Я уговорила Катю уйти и ждать меня дома. После того как она скрылась за деревьями, он повел меня через лес и не сказал ни слова за всю дорогу. Не помню, сколько мы шли, но казалось, что вечность, — я думала, что иду с ним, чьего лица я даже не видела, через пустынную ночь мироздания, и мимо нас проходят поколения людей, сменяющиеся новыми с бешеной скоростью поломанного калейдоскопа, и ничего не меняется в этой непреодолимой, жаркой тьме, и люди живут так же, как жили их предки, и души их остаются черными и солеными от слез. Мне казалось, что время испаряется из моей плоти и, вернувшись домой (у меня, правда, не было уверенности в том, что я вернусь туда), я найду лишь могилы с крестами, в которых живут муравьи.
Он привел меня в какой-то дом, втолкнул внутрь, и я надеялась, что он все же включит свет или зажжет свечу, но он не сделал этого.

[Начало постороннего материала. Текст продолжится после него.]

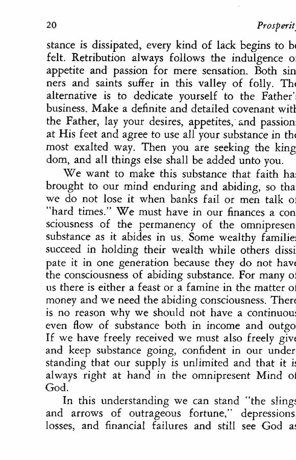 We want to make this substance that faith has brought to our mind enduring and abiding, so that we do not lose it when banks fail or men talk of "hard times." We must have in our finances a consciousness of the permanency of the omnipresent substance as it abides in us. Some wealthy families succeed in holding their wealth while others dissipate it in one generation because they do not have the consciousness of abiding substance. For many of us there is either a feast or a famine in the matter of money and we need the abiding consciousness. There is no reason why we should not have a continuous even flow of substance both in income and outgo. If we have freely received we must also freely give and keep substance going, confident in our understanding that our supply is unlimited and that it is always right at hand in the omnipresent Mind of God.
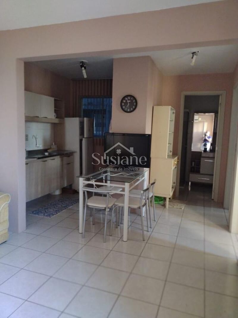 Apartamento com dois dormitórios, sala e cozinha conjugadas, área de serviço e banheiro social.
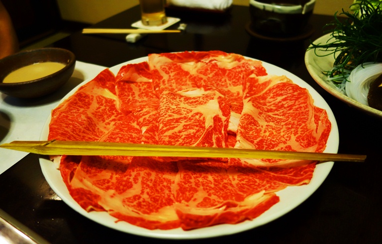 The meat is dropped into the hot pot and swished back and forth a few times and is then placed in goma or sesames seed sauce.
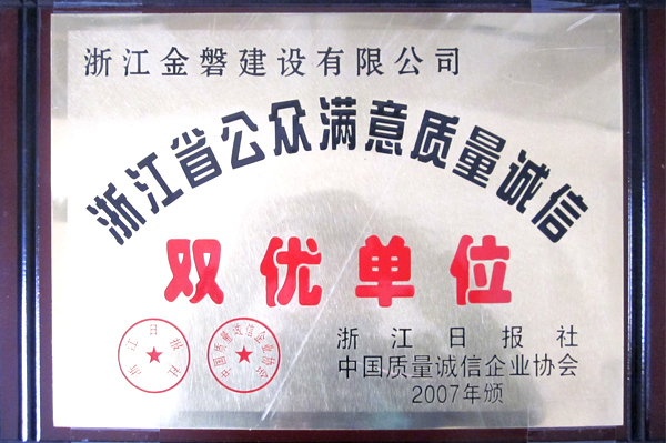 浙江省公眾滿意質(zhì)量誠信雙優(yōu)單位
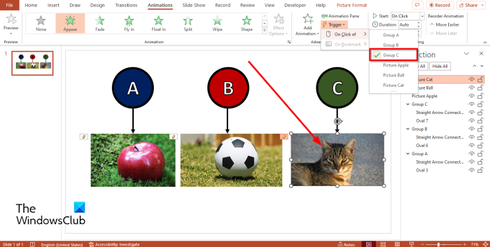 - Klicken Sie auf die Schaltfläche „Auslösen“, bewegen Sie den Cursor über „Beim Klicken auf“ und wählen Sie dann aus der Liste aus, welches Objekt Sie zum Auslösen der Animation verwenden möchten.
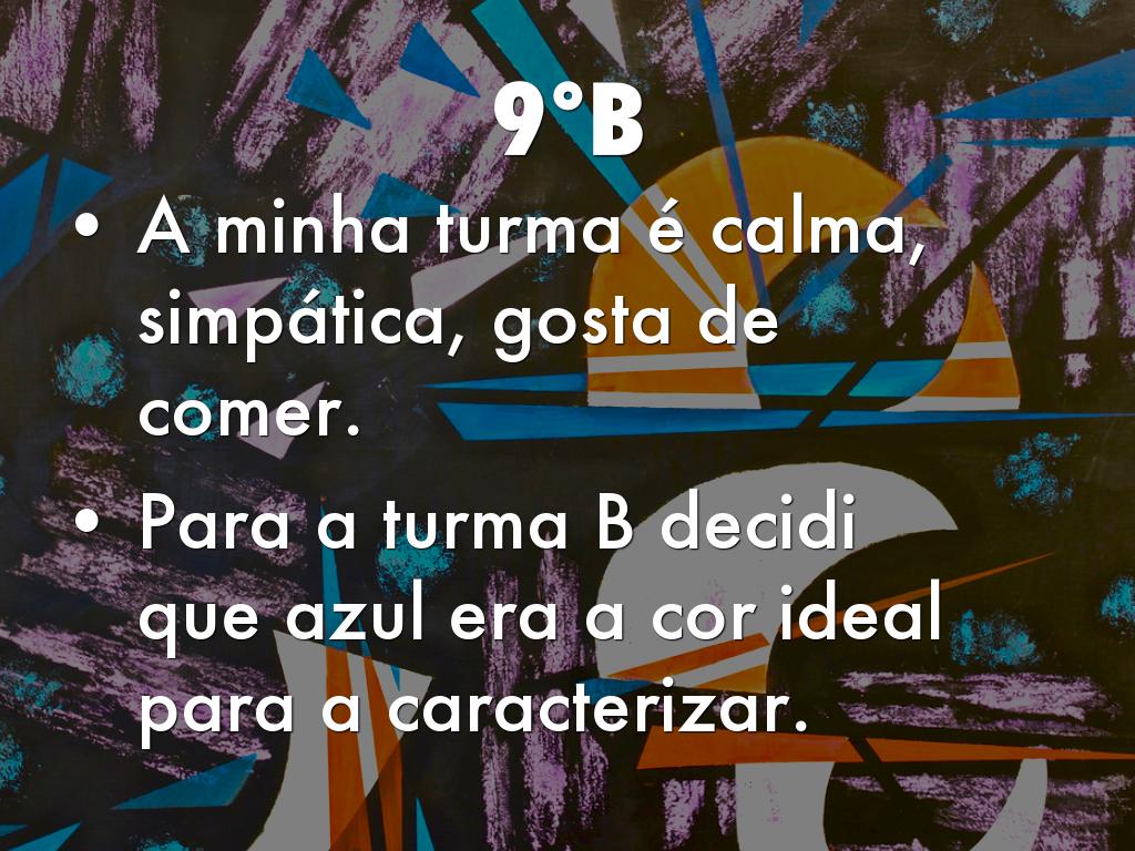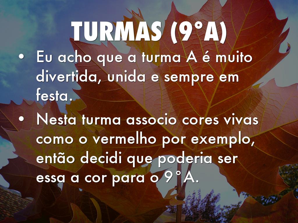 - Nesta turma associo cores vivas como o vermelho por exemplo, então decidi que poderia ser essa a cor para o 9°A.
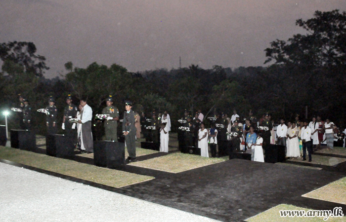 மேலும் நாட்டிற்காக உயிர் தியாகம் செய்த படை வீரர்களை நினைவு படுத்தும் முகமாக தலைமையக வளாகத்தினுன் அமைக்கப்பட்டுள்ள நினைவு தூபிகளுக்கு முன்பாக உயிர் நீத்த படைவீரர்களின் உறவினர்கள் மற்றும் இராணுவ சிரேஷ்ட இராணுவ அதிகாரிகள் மலரஞ்சலி செலுத்தி மரியாதைகளை செலுத்தினார்கள்.

Я очутилась в огромной пустой комнате с заколоченными окнами, на краю ночи, в детской тоске, и он приказал мне сесть на пол, а потом сел напротив меня.
— Люба, — сказал он, — в своей жизни ты совершила только один правильный поступок, но слишком поздно. Я хочу дать тебе шанс. Расскажи мне о себе, о том, чем ты занималась на протяжении всех тех лет, промелькнувших, как младенческое воспоминание, до нашей сегодняшней встречи, и, если ты найдешь себе оправдание, я отпущу тебя.
— Я не верю, — ответила я.
— Люба, у тебя нет выбора, верить или не верить мне, — сказал он с усмешкой. — В твоих же интересах оттянуть момент собственной мучительной смерти.
После этих слов он протянул мне бутылочку, в которую было налито что-то, по вкусу напоминавшее сливовый сок, и я выпила ее целиком. От этого напитка страшный человек, без обиняков сказавший, что собирается убить меня до рассвета, вдруг показался мне самым родным и близким существом, тем, кто поймет и выслушает, кто любит меня безмерно.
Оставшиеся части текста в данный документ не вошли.